Calculating t-test and correlation/importance of feature with aggregated dataset

cercig

New Member
Hi,

Important note: I will do the processes below with ready functions/packages in tools, and I am not a professional statistician, so I would really appreciate if you can help with the question below with simplified explanation.

I have a dataset with a couple of features as "Product Risk Level" and "Customer Risk Score" and an outcome as "Customer Default" as below.
I want to calculate the significance or correlation of "Product Risk Level" and "Customer Risk Score" for the outcome "Customer Default".

The sample size is totally 1300 aggregated rows (600 rows for the "Yes"-outcome and 700 rows for the "No"-outcome). I just shared an example below with made up numbers.

I am planning to do first t-test to check the independency between the features and the outcome. Then I will calculate either the correlation between each feature and the outcome. Or I will calculate the importance of each feature by using a "classification model".

However, unfortunately my dataset is not "per-event". My dataset has aggregated values which consists of the population/number of samples in each features-outcome-peer.

I believe that I need to take the "Number of samples" into consideration when I do the t-test and correlation and/or "importance of feature". The question is how?

Last edited:

Karabiner

TS Contributor
For a t-test, you need the variability of the scores (standard deviation in each pair-group).
As you do not have this, you'll have to analyse the data on the aggregate level.
But since your sample size for such an analysis is small (n=7 groups), a t-test for the
risk score, or a U-test for the risk level (which clearly is ordinal scaled and would not
permit a t-test) does not seem very useful. They would have extremely low statistical power
to detect any effect.

Of course, you can do descriptive statistics, for example calculate the weighted mean
(or median, respectively) of "outcome: yes" versus "outcome: no".

Just my 2pence

Karabiner

cercig

New Member
For a t-test, you need the variability of the scores (standard deviation in each pair-group).
As you do not have this, you'll have to analyse the data on the aggregate level.
But since your sample size for such an analysis is small (n=7 groups), a t-test for the
risk score, or a U-test for the risk level (which clearly is ordinal scaled and would not
permit a t-test) does not seem very useful. They would have extremely low statistical power
to detect any effect.

Of course, you can do descriptive statistics, for example calculate the weighted mean
(or median, respectively) of "outcome: yes" versus "outcome: no".

Just my 2pence

Karabiner
Sorry @Karabiner , I forgot to mention that my sample size is actually total 1300 aggregated rows (600 with Yes and 700 with No), I just shared here a made-up sample.
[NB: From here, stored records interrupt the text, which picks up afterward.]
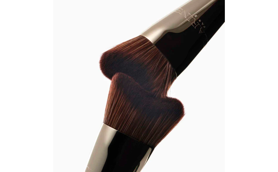 Un pennello make-up eccezionale con una forma unica ispirata al gua sha, che segue perfettamente tutti i contorni del viso.
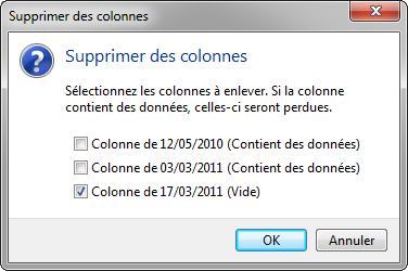 Le deuxième bouton vous permet de supprimer les colonnes d’anamnèse d’une date spécifique. DentAdmin vous demande quelles colonnes vous voulez supprimer et vous signale aussi si la colonne contient des données ou non. Les colonnes vides seront déjà cochées pour vous pour que vous puissiez les supprimer.
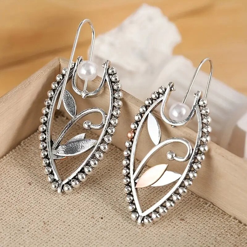 Live broadcast forest retro literary earrings exquisite leaves multi-color jewelry imitation pearl flower leaf earrings
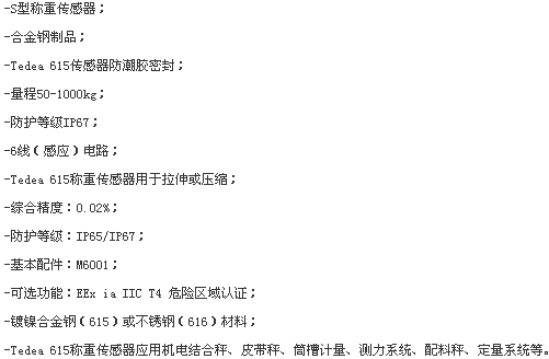 美國威世特迪亞vishay tedea 615-500kg稱重傳感器參數:
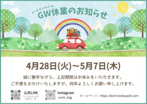 ゴールデンウィーク休業のお知らせ【 大阪実店舗 】 2026 4/21 お知らせ 2026年4月21日 大阪実店舗のゴールデンウィーク休業のお知らせです。 誠に勝手ながら、 4月28日(火)〜5月7日(木)の期間はお休みをいただきます。 ご不便をおかけいたしますが、何卒よろしくお願い申し上げます。 お問い合わせはこちら お知らせ この記事が気に入ったら フォローしてね! Follow Me よかったらシェアしてね! URLをコピーしました! 【2026年4月】大阪実店舗営業日のお知らせ 関連記事 2022~2023AWチュールバッグ新柄 2022年10月4日 【2024年7月】大阪実店舗営業日のお知らせ 2024年6月24日 大阪実店舗の年末年始休業のお知らせ 2024年12月20日 大阪市プレミアム付き商品券2022 2022年8月25日 2025 チュールバッグ 大サイズ 新柄 2025年4月22日 2025 お財布ポシェット 新柄 2025年4月14日 【2024年5月】大阪実店舗営業日のお知らせ 2024年4月24日 SWANY 中原淳一コラボⅢ が入荷しました 2024年2月20日
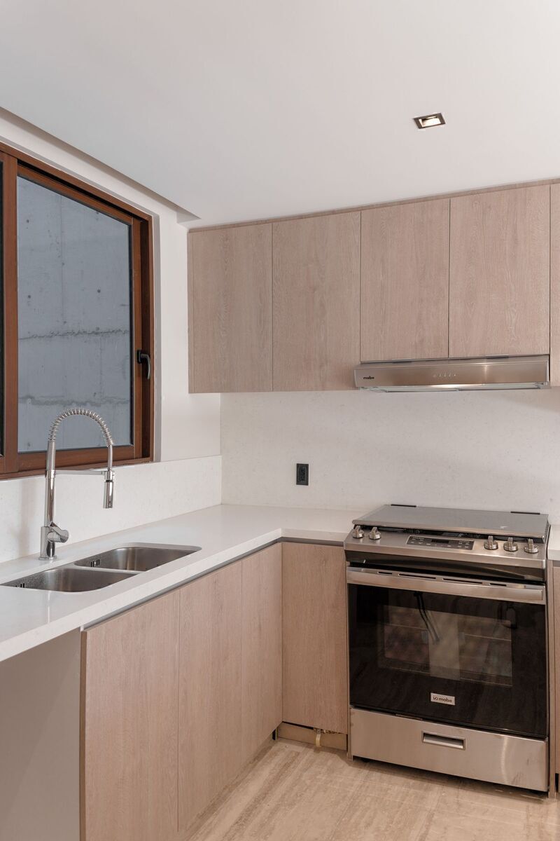 Cocina integral hecha por London and Bosh y con cubierta de cuarzo.

In that case, is there a way of calculating the "importance of feature" and doing a test like t-test?

Last edited:

Karabiner

TS Contributor
So, as far as I can see, you can perform a t-test on the group level data with risk score, and U test or a Chi² test with risk level.
I do not know whether it would be useful and possible to take group size into account, maybe someone else does.

It would be possible to use both measurements to jointly predict the outcome, but that would be a bit more complicated
(binary logistic regression).

With kind regards

Karabiner